The video currently being circulated online has nothing to do with the June 2023 terrorist attack on the Kakhovka Hydroelectric Power Plant dam. The video dates from November 2022, when Russian troops retreating from the Kherson region severely damaged the Kakhovka dam.
A video is being circulated online claiming to capture the moment when the Kakhovka Hydroelectric Power station dam was blown up. The explosion reportedly took place during the night of June 5-6, resulting in significant damage to the dam, unleashing the contained water and threatening dozens of towns and settlements with flooding. A state of emergency has been declared in the region.

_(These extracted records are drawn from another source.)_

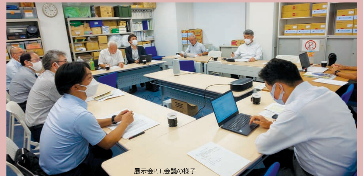
展示会P.T.会議の様子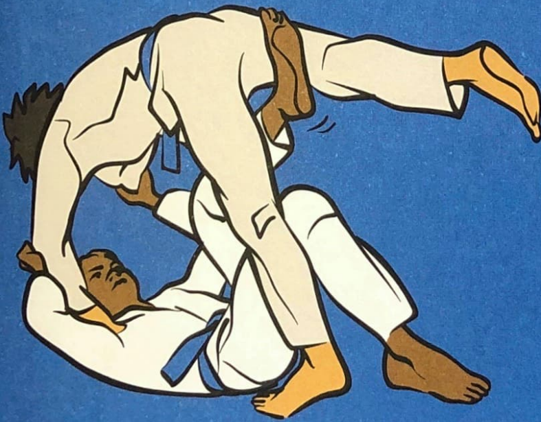
● ● ● Sumi-gaeshi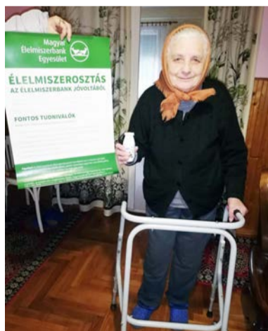
547 csomag került kiosztásra

Örömmel vettük tudomásul, hogy ez év márciusában az Élelmiszerbank jóvoltából ismét tartós élelmiszereket oszthattunk Doboz rászoruló lakosainak. 910.346 Ft értékben kapott a Doboz Gondozási Központ élelmiszer adományt, amit 547 fő részére tudott eljuttatni. Az Élelmiszerbankkal kötött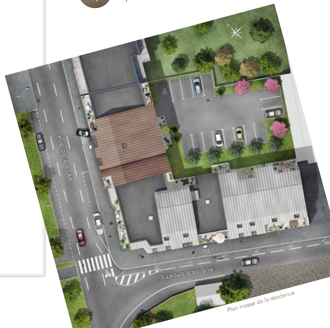
Plan masse de la résidence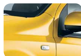
509 Giallo Birichino Pastello

The video which is quickly becoming viral is old and does not capture the explosion that occurred at the Kakhovka dam in June 2023. This particular video first appeared online in the autumn of 2022, it was uploaded on Telegram on November 12, 2022, by the Russian propagandist publication Izvestiya as an “exclusive”, and allegedly shows the explosion of a road bridge at the Kakhovka hydroelectric power station. Russian troops detonated the explosion the bridge during their retreat from the right bank of the Dnipro River as Ukrainian forces recaptured the city of Kherson. Satellite photographs showed that the dam was seriously damaged due to the explosion. Ukraine considered the damage caused by the Russian troops an indication of Moscow’s s readiness, in the event of a Ukraine’s liberation of Nova Kakhovka, to undermine both the dam and the locks at the same time, which appears to have happened during the night of June 5-6, 2023.
According to experts, the damage to the Kakhovka plant in June 2023 by the Russian occupation forces put a large number of civilians at risk and poses a threat to the cooling system of the Zaporizhzhia Nuclear Power Plant reactors.
StopFake has previously debunked Russian propagandist claims that Ukraine was “intentionally flooding” the Kakhovka Hydroelectric Power Plant and the Zaporizhzhia Nuclear Power Plant, and that the Ukrainian authorities were draining the Dnipro river in order to deploy its military to the left bank.